We recorded EBITDA of EUR31.8 million in the quarter compared to EUR23.5 million in the fourth quarter of 2009 and US dollar equivalents this is about EUR44 million of EBITDA in the current quarter, compared to about $33 million in Q4. The most significant contributor to the increase in EBITDA was the improvement in pulp pricing and the weaker Euro and was partially offset by the impact of higher fiber prices in Europe.
We also completed a plant maintenance shut at Stendal during the quarter. The shut itself lasted 10 days and positions the mill well to run full for two months before its next maintenance shut. If I can switch to cash flow for a moment, overall our cash position is marginally lower that at yearend. Outflows included EUR16 million to the seasonal increases in working capital, EUR6 million of high return capital spending and EUR23 million of interest and debt payments.

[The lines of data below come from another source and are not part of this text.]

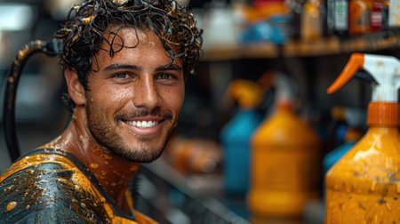 Young man smiles broadly, covered in soap and water, with droplets on his face and clothes.
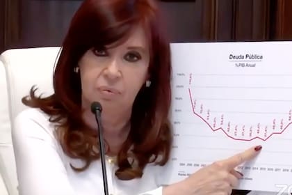 Durante la presentación de más de una hora ante el Tribunal Oral Federal por la causa Irán, el agitado discurso de la vicepresidenta Cristina Kirchner derivó inesperadamente en el tema de la deuda pública. Dijo allí, usando un gráfico para ilustrar sus filosas palabras: “En 2015, cuando termina nuestro gobierno [la deuda representaba] el 37,4% solamente del PBI [producto bruto interno]... Miren lo que pasó en apenas cuatro años: del 37,4%, a fines de 2019 pasamos al 72,6%, casi la duplicaron”. En el mismo gráfico mostró como la deuda era del 116,6% del PBI en 2004, a poco de haber asumido Néstor Kirchner la presidencia. El mito del desendeudamiento que construyó el kirchnerismo, resumido en un solo gráfico. La presentación dio lugar a un intenso debate, Y espero ahora arrojar un poco de luz.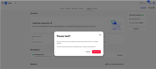 Note: When a test is paused, participants cannot join scheduled or unscheduled sessions because the test is offline. Be sure to resume the test before any upcoming sessions to avoid no-shows.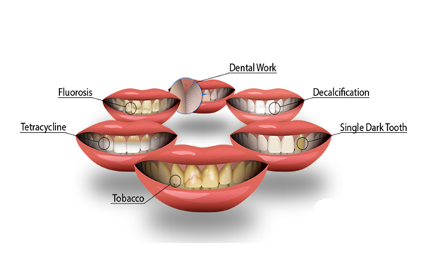 مواردی که اغلب سبب تغییر رنگ دندانها میشوند به شرح زیر هستند: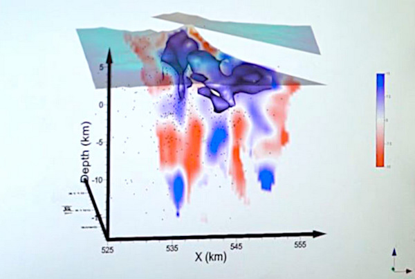 L’étude montre la présence d’un système magmatique en forme de champignon dans deux régions présentant une vitesse des ondes S (Vs) élevée. Ces régions sont situées respectivement entre 0 et 5 kilomètres d’altitude, et entre 4 et 7 kilomètres de profondeur, et sont reliées par un conduit étroit en forme de tube.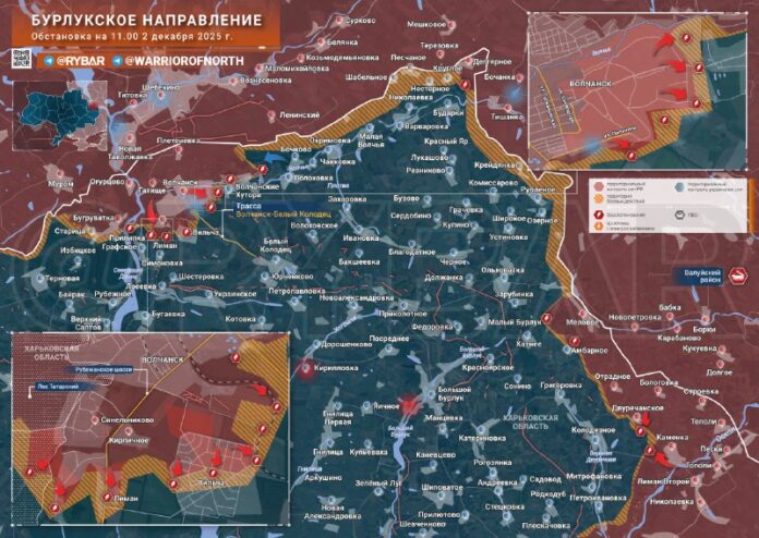 Na severe postupujú jednotky skupiny vojsk Sever Charkov regiónu a rozvíja? útoky na prelome Lepkavý — Limanpo dosiahnutí úspechu. Takže do 1. decembra severná ?as? Vilchi dostali pod kontrolu ruských ozbrojených síl.
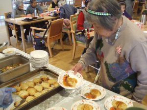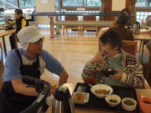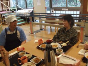 本日は、デイサービスのフロアへ厨房職員が食事の時間に合わせてお話をうかがいに行きました。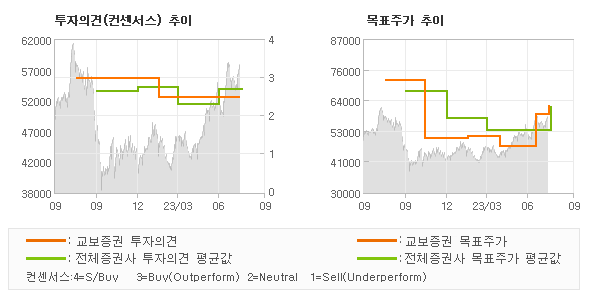 오늘 교보증권에서 발표된 'TRADING BUY'의견 및 목표주가 62,000원은 전체의견에 수렴하면서 시장의 평균적인 기대감이 비교적 객관적으로 표현된 것으로 풀이되며 목표가평균 대비 2.4% 초과하고 있는 것으로 집계되었다.

These outflows were offset by EUR32 million from EBITDA and about EUR9 million of cash and flow from the Canadian government’s Green Transformation program to fund Celgar’s Green Energy Project. We have EUR29 million of un-drawn revolvers available at Rosenthal and EUR10 million at Celgar. We currently have cash of about EUR49 million which is comprises of partially EUR26 million for the restricted group and EUR23 million at Stendal.
As you know in January we completed a second exchange of almost all of the remaining 2010 convertible notes for the new notes with identical terms of those issued in the December exchange. After this second transaction we now have only $2.3 million of the old 2010 notes remaining. This latest exchange gave rise to a EUR9,000 loss which will be reversed through interest expense in 2010 and 11 as the debt is accreted down to a face value.

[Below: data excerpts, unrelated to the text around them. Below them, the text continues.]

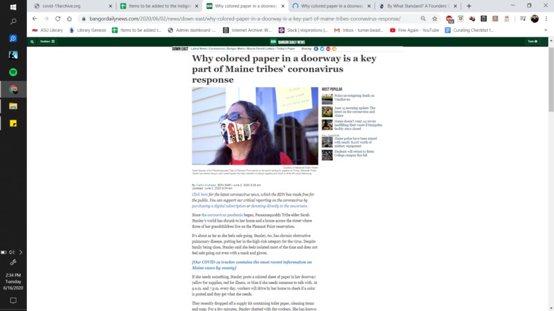 “Since the coronavirus pandemic began, Passamaquoddy Tribe elder Sarah Stanley’s world has shrunk to her home and a house across the street where three of her grandchildren live on the Pleasant Point reservation. It’s about as far as she feels safe going. Stanley, 60, has chronic obstructive pulmonary disease, putting her in the high-risk category for the virus. Despite family being close, Stanley said she feels isolated most of the time and does not feel safe going out even with a mask and gloves. If she needs something, Stanley posts a colored sheet of paper in her doorway: yellow for supplies, red for illness, or blue if she needs someone to talk with. At 9 a.m. and 7 p.m. every day, workers will drive by her home to check if a color is posted and they get what she needs.”
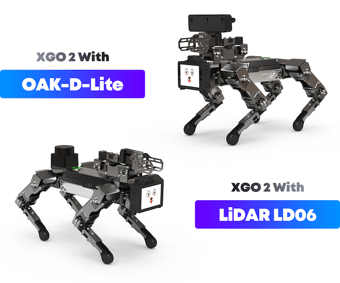 XGO-Mini 2 también se puede ampliar colocando sensor LiDAR LD06 en la parte posterior o una camara OAK-D-Lite en el brazo.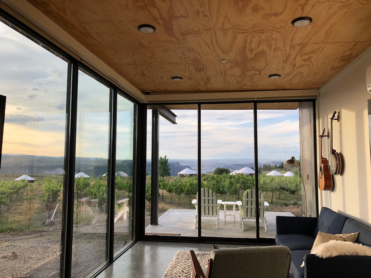 Il-VIP Lounge hija dar iddisinjata minn Olson Kundig. Taraġ mill-Amfiteatru Gorge, jagħti fuq l-għelieqi tad-dwieli tal-Inbid Cave B Estate u x-Xmara Columbia. Id-dar b' kamra tas-sodda u kamra tal-banju waħda tagħna għandha terrazzin privat u kċina mtejba. Hija perspettiva komda u moderna-industrijali li taqbel mal-pajsaġġ. Mixja lejn kunċerti, dewqan tal-inbid, ikla ta' filgħaxija jew bookings ta' spa. Mixja bil-Franċiż Coulee, rota tal-Lagi Antiki, gawdi l-yoga fuq it-terrazzin, jew sempliċiment irrilassa u ħu veduta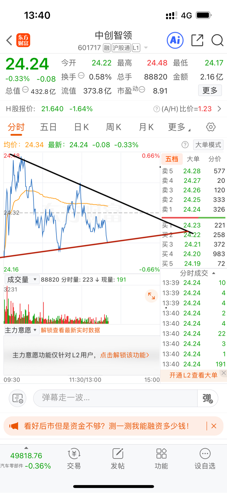 $中创智领(SH601717)$ 收盘必须绿,上周红了4天,这周必须绿三天以上,打到缺口位置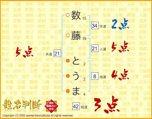 生活面を象徴する運勢です。外部から受ける影響力を表し、結婚運、家庭運や職場、環境への順応性を表します。総運から人運を引いた画数。姓や名が1文字の場合を除く。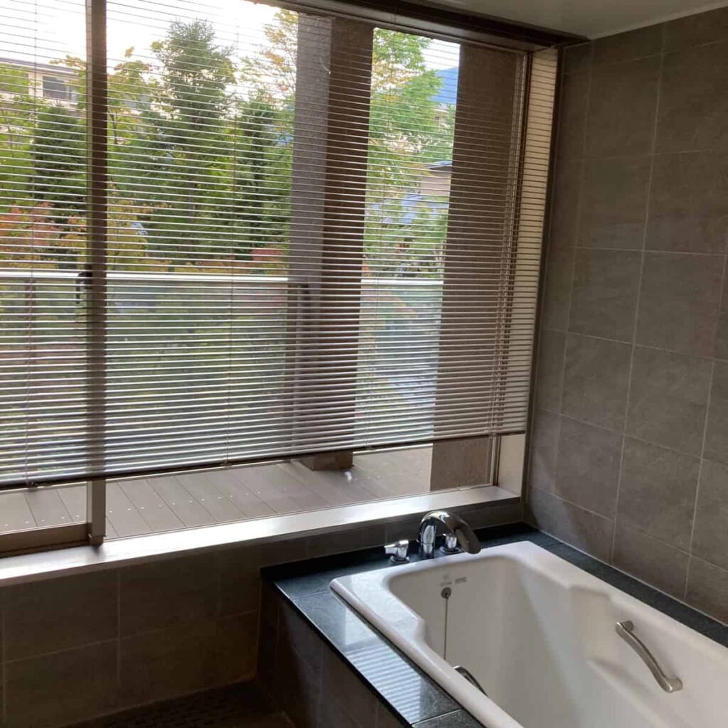 このお部屋は露天タイプではありませんが、中庭を眺めながら入浴することができますよ!

The refinancing of our old convertible notes was an important step in improving evaluation of all of our securities. Considering a lag effect of pulp price increases achieved throughout the first quarter and for April and May, we’re expecting improved financial performance in the quarters to come. So with that quick overview of the financials let me turn the call over to Jimmy to talk about our operational market and strategic developments.
Thanks David. Good morning everyone. As David mentioned, after pretty difficult year 2009, 2010 has started well for us. We were generally pleased with the progress in the quarter particularly in light of tightening fiber markets and our scheduled maintenance shut at Stendal and I remain satisfied with the rate of construction at our Celgar Green Energy Project.